Hanzi-to-Pinyin/Zhuyin Converter (H2X)
1 Overview and Goals
H2X is a Hanzi-to-Pinyin (H2P) conversion system for SC, and a Hanzi-to-Zhuyin (H2Z)
conversion system for TC. Eventually it can be expanded to other romanization systems, such
as Yale and Wade-Giles. Collectively, we will refer to such a hanzi transcription system as
“H2X,” where X stands for any phonemic transcription such as pinyin, zhuyin or romanized
Cantonese. Below X will often be referred by the term reading.
H2X can be used for, among others:
? Aid native speakers in reading difficult names or characters
? Aid learners to read Chinese texts
? Enable ambiguous search based on homophones (explained below)
? Sort hanzi by pinyin or zhuyin (useful for name lists and the like)
2 Conversion Ambiguity
An obvious and major issue with H2X is the one-to-many ambiguity of thousands of
characters, the so called polyphonic hanzi (多音字duōyīnzì), such as lè and yuè for 乐,
resulting in numerous homophones. The disambiguation strategy for accurate H2X
conversion is to tokenize the text so as to isolate individual words, then to look up in
word-level hanzi mapping table, which almost completely eliminates ambiguity. This requires
the following components
1. Simple word tokenizer
2. Word-level H2X mapping tables
3. Character level H2X mapping tables
There are two kinds of homophonic ambiguity (the implications of which are described
1. Homotonic: reading and tone are identical, such a 网陆 (resulting from input
errors) and 网路, both wǎnglù.
2. Heterotonic: reading identical but tone different, such as 网炉 wǎnglú (input error)
and 网路 wǎnglù.
Note that for the purposes of converting to the correct reading, the tokenizer need not
be as robust as for other applications since the goal is not to extract tokens per se, but
to segment just accurately enough so that the correct reading is determined. Thus the
H2X tokenizer can be based on a simplified tokenization algorithm, which CJKI can
provide, independently of the main tokenizer.
3 Ambiguous Search
H2X conversion on both the homotonic and heterotonic levels can have a major benefit:
enabling ambiguous search as well as retrieval of documents even if the keywords are input
erroneously, such as 网陆 for 网路. The system should thus support four conversion modes:
1. Toneless pinyin for SC
2. Toned pinyin for SC
3. Toneless zhuyin for TC
4. Toned zhuyin for TC
This means that if the search engine is properly tuned it will retrieve not only homotonic
homophone pairs like网路/网陆 wǎnglù, but also heterotonic pairs like 网路/网炉
(wǎnglù vs. wǎnglú), in which the tones are different but the readings are identical.

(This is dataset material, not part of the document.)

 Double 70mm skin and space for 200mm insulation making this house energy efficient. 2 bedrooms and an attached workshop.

4 Features of H2X Converter
The system should eventually have the following capabilities/features:
1. The source string is first extracted by the (simple) tokenizer.

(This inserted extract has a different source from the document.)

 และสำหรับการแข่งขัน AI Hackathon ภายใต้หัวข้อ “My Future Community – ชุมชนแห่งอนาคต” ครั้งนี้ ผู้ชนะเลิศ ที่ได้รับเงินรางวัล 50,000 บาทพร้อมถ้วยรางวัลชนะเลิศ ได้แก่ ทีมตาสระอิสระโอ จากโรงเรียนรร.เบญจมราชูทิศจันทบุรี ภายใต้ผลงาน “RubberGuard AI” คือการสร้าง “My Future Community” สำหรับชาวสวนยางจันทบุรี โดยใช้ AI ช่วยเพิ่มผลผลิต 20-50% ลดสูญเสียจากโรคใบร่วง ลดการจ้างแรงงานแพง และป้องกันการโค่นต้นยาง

2. The string is looked up in a comprehensive word-level H2X mapping table covering
general vocabulary, proper nouns and technical terms.
3. Support both query errors and document errors.
4. Character level H2X mapping tables. The readings (pinyin or zhuyin) have been
proofread and fine tuned over the years and include the following features:
a. The first reading has been carefully selected to ensure it is the most common.
b. The order of the other readings in the case of one-to-many mappings is based on
frequency of use.
c. Rarity flags enable selecting a mode in which rare and historical readings are
ignored so as to reduce ambiguity (at the slight risk of error).
d. Possibly, provide flags to indicate order of priority when a reading is used in
names as opposed to general vocabulary.
e. A major feature is that SC readings are clearly distinguished from TC readings
when they are heterotonic, e.g. SC qī as opposed to TC (zhuyin for qí)
for 期. See details at: http://www.cjk.org/cjk/samples/chinpin.htm.
5. The H2X conversion algorithm that (eventually) supports the following features:
a. Word level conversion
b. Character level conversion
c. Picklist of candidates in case of one-to-many ambiguities
d. Option to ignore rare/historical readings
e. Possibly, option to fine tune output to proper nouns
f. Select SC or TC reading
g. Output in zhuyin
h. Output in any romanization system, such as Wade-Giles and Yale.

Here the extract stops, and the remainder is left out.